Under this line sits a listing. Repeat exactly and only its lines from the one holding "Large accumulation of" through the one holding "이른 아침 안개를 뚫고"; skip pictures.

### Data for analysis ###

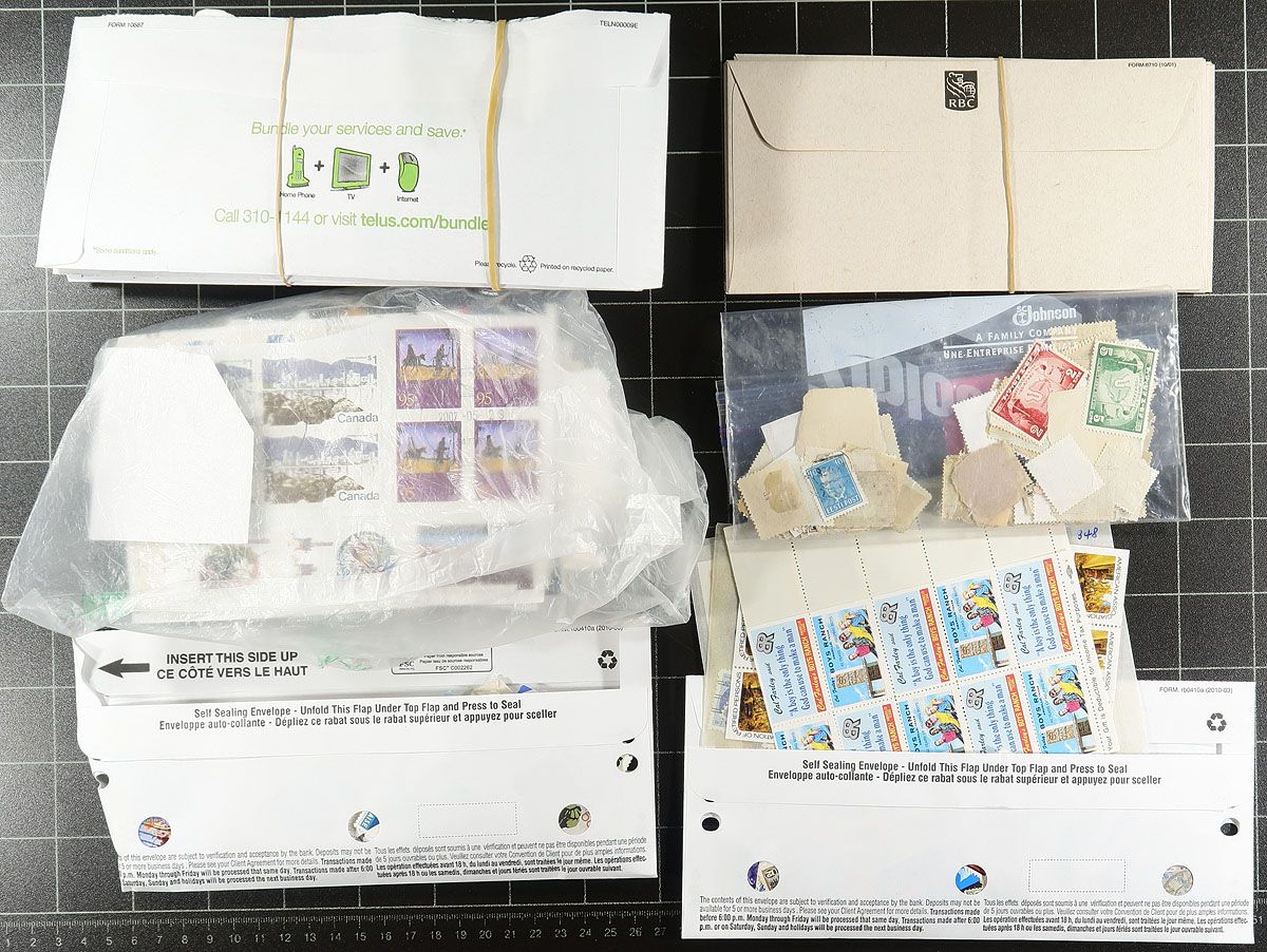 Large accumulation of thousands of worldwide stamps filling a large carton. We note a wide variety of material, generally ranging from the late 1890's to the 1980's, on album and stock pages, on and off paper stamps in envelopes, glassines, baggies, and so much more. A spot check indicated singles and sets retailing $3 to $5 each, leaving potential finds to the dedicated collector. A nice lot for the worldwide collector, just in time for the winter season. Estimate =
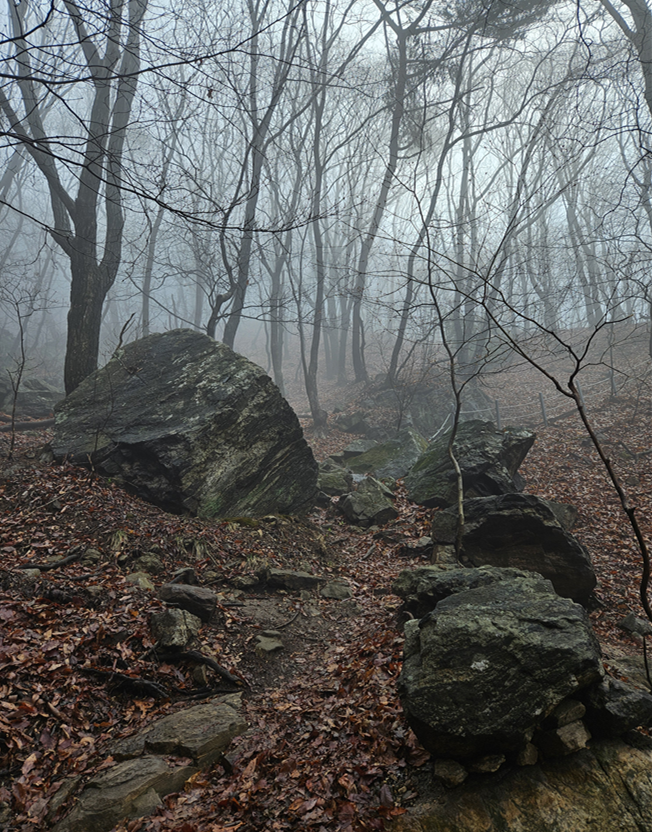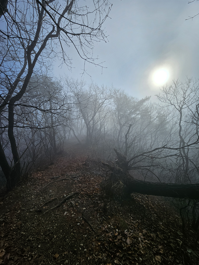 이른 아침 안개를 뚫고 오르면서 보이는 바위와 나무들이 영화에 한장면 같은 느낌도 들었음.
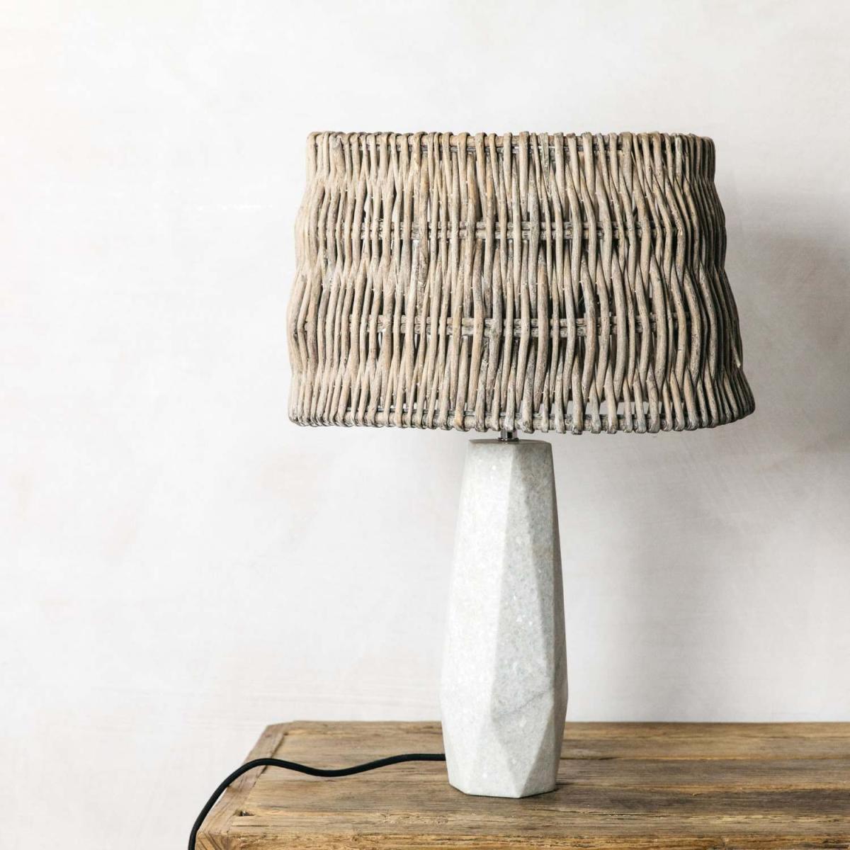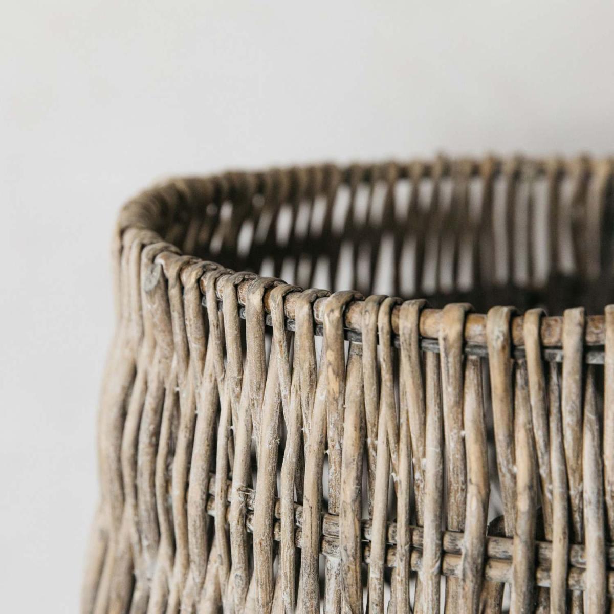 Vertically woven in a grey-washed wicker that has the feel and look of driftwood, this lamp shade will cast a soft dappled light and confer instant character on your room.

###
### Data for analysis ###

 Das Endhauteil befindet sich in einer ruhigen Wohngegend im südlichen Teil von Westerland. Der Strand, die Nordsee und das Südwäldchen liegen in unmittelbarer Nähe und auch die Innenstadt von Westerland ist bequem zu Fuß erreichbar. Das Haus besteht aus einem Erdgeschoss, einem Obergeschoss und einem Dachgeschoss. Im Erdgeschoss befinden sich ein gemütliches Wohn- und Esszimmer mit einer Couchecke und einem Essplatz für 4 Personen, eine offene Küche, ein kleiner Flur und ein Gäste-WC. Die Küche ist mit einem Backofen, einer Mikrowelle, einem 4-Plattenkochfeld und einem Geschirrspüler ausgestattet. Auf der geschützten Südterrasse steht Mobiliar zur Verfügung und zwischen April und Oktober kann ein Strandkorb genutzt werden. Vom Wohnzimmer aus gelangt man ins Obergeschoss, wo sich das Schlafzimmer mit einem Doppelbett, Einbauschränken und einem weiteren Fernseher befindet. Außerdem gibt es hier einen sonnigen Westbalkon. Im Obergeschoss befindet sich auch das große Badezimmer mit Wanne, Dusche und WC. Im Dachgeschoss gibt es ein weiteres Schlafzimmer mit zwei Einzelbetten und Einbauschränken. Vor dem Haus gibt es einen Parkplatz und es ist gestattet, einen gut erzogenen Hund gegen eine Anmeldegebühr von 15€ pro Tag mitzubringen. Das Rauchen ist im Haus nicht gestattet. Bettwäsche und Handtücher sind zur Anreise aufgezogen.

###
### Data for analysis ###

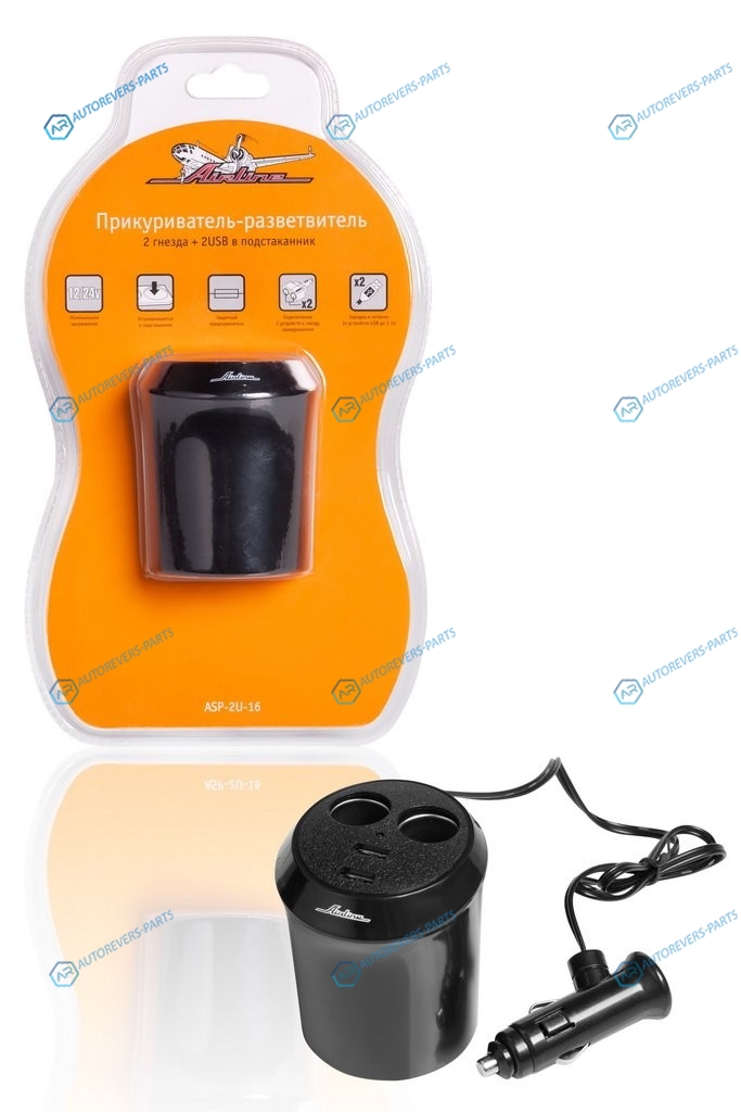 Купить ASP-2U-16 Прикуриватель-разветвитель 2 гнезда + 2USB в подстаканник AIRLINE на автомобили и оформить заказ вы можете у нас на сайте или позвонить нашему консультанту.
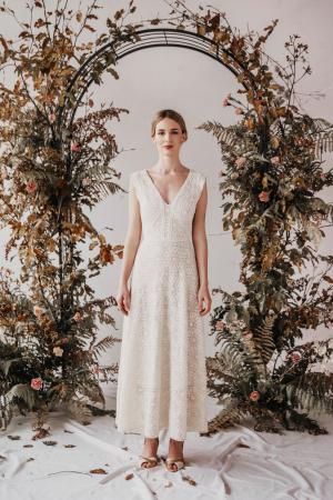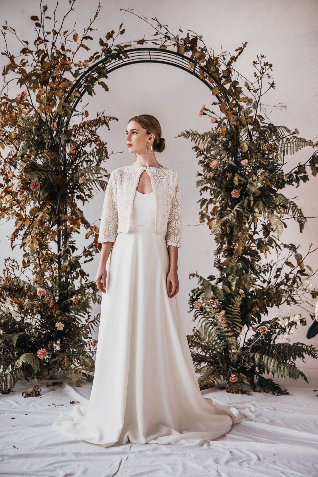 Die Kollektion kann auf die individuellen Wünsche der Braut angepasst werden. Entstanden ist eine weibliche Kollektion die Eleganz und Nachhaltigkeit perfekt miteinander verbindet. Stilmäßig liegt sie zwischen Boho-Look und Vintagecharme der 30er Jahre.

###

Response:
 Large accumulation of thousands of worldwide stamps filling a large carton. We note a wide variety of material, generally ranging from the late 1890's to the 1980's, on album and stock pages, on and off paper stamps in envelopes, glassines, baggies, and so much more. A spot check indicated singles and sets retailing $3 to $5 each, leaving potential finds to the dedicated collector. A nice lot for the worldwide collector, just in time for the winter season. Estimate =
 이른 아침 안개를 뚫고 오르면서 보이는 바위와 나무들이 영화에 한장면 같은 느낌도 들었음.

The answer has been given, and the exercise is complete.